[[ DATASET EXTRACT open ]]

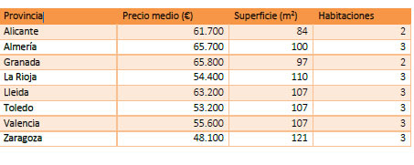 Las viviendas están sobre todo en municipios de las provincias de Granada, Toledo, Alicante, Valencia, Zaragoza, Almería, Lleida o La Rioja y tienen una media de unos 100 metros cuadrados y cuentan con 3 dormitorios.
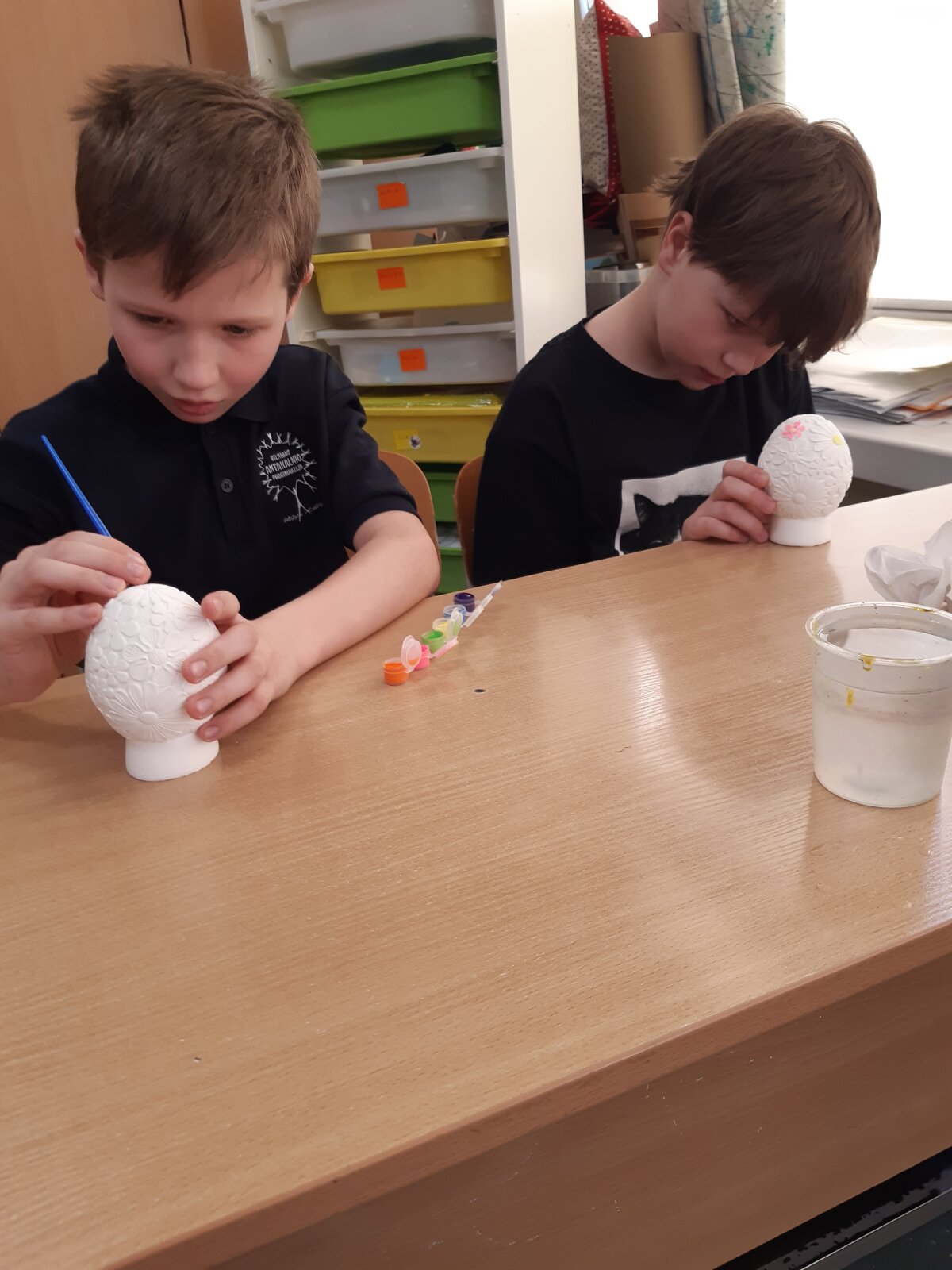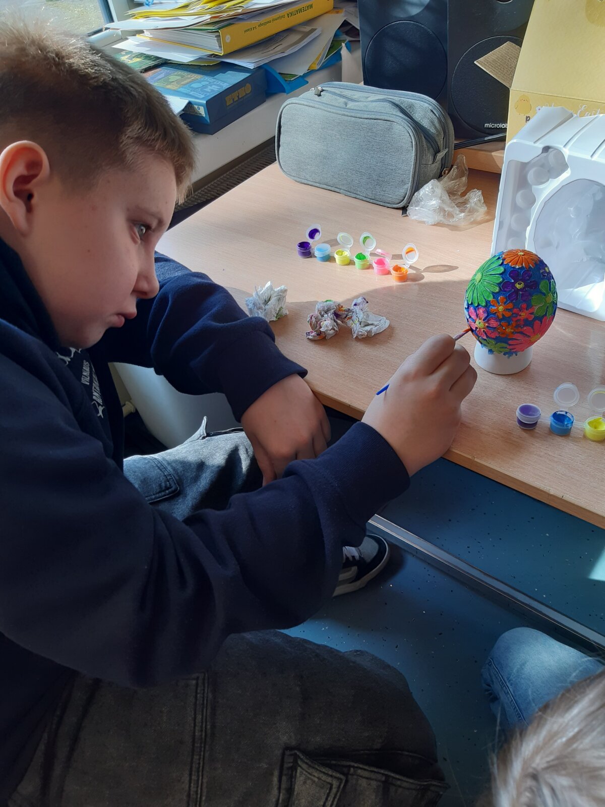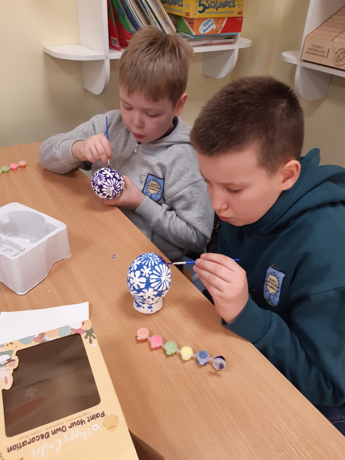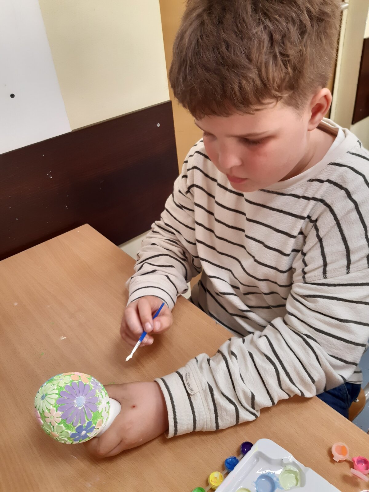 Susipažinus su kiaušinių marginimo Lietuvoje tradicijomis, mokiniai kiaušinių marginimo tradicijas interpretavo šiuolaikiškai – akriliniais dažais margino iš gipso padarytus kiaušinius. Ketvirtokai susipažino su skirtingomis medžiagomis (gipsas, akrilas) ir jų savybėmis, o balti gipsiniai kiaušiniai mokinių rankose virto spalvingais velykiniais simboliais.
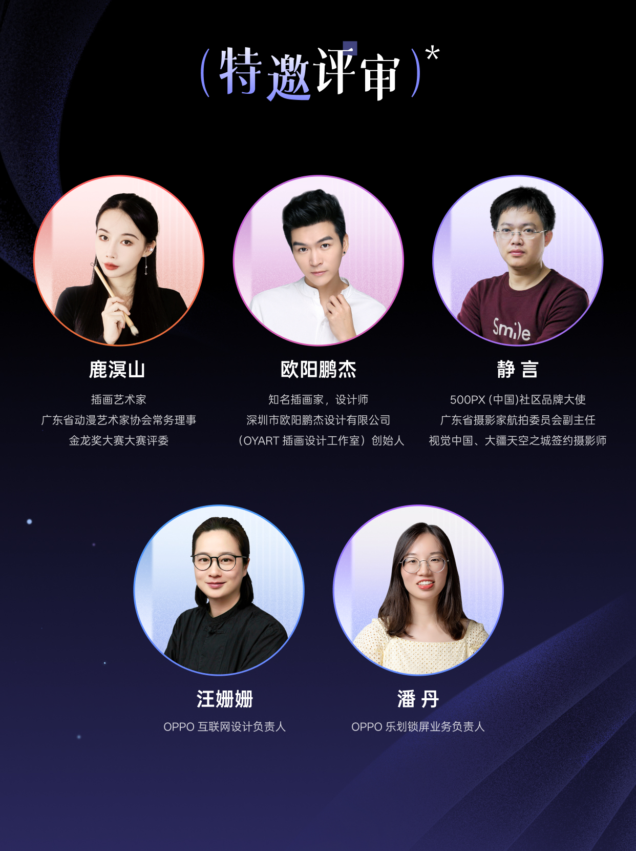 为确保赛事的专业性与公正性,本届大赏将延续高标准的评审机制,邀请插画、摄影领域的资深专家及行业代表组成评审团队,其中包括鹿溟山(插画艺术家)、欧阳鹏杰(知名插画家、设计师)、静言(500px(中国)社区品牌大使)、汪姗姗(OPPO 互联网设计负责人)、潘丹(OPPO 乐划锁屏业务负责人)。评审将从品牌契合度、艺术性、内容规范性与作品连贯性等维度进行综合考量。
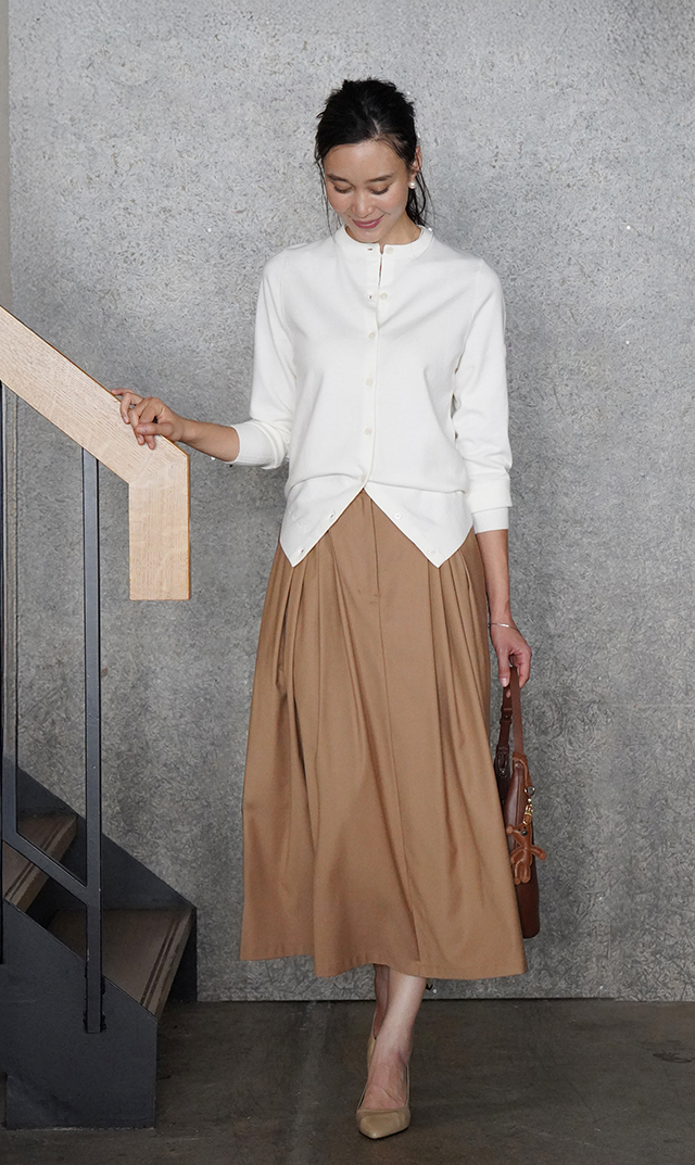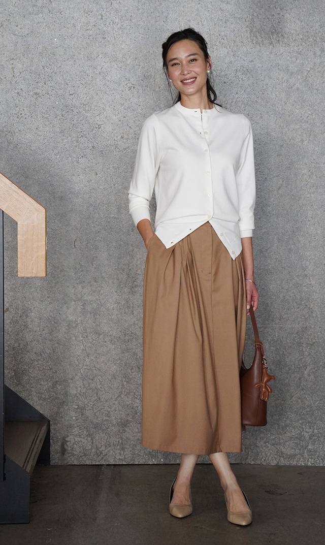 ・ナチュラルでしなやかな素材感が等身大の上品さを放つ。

[[ DATASET EXTRACT closed ]]

YOUR INSTRUCTIONS: In the copy, no pictures are to appear; write out exactly the lines from the one containing "Susipažinus su kiaušinių" through the end of the listing above and no further lines.

COMPLETED TASK:
 Susipažinus su kiaušinių marginimo Lietuvoje tradicijomis, mokiniai kiaušinių marginimo tradicijas interpretavo šiuolaikiškai – akriliniais dažais margino iš gipso padarytus kiaušinius. Ketvirtokai susipažino su skirtingomis medžiagomis (gipsas, akrilas) ir jų savybėmis, o balti gipsiniai kiaušiniai mokinių rankose virto spalvingais velykiniais simboliais.
 为确保赛事的专业性与公正性,本届大赏将延续高标准的评审机制,邀请插画、摄影领域的资深专家及行业代表组成评审团队,其中包括鹿溟山(插画艺术家)、欧阳鹏杰(知名插画家、设计师)、静言(500px(中国)社区品牌大使)、汪姗姗(OPPO 互联网设计负责人)、潘丹(OPPO 乐划锁屏业务负责人)。评审将从品牌契合度、艺术性、内容规范性与作品连贯性等维度进行综合考量。
 ・ナチュラルでしなやかな素材感が等身大の上品さを放つ。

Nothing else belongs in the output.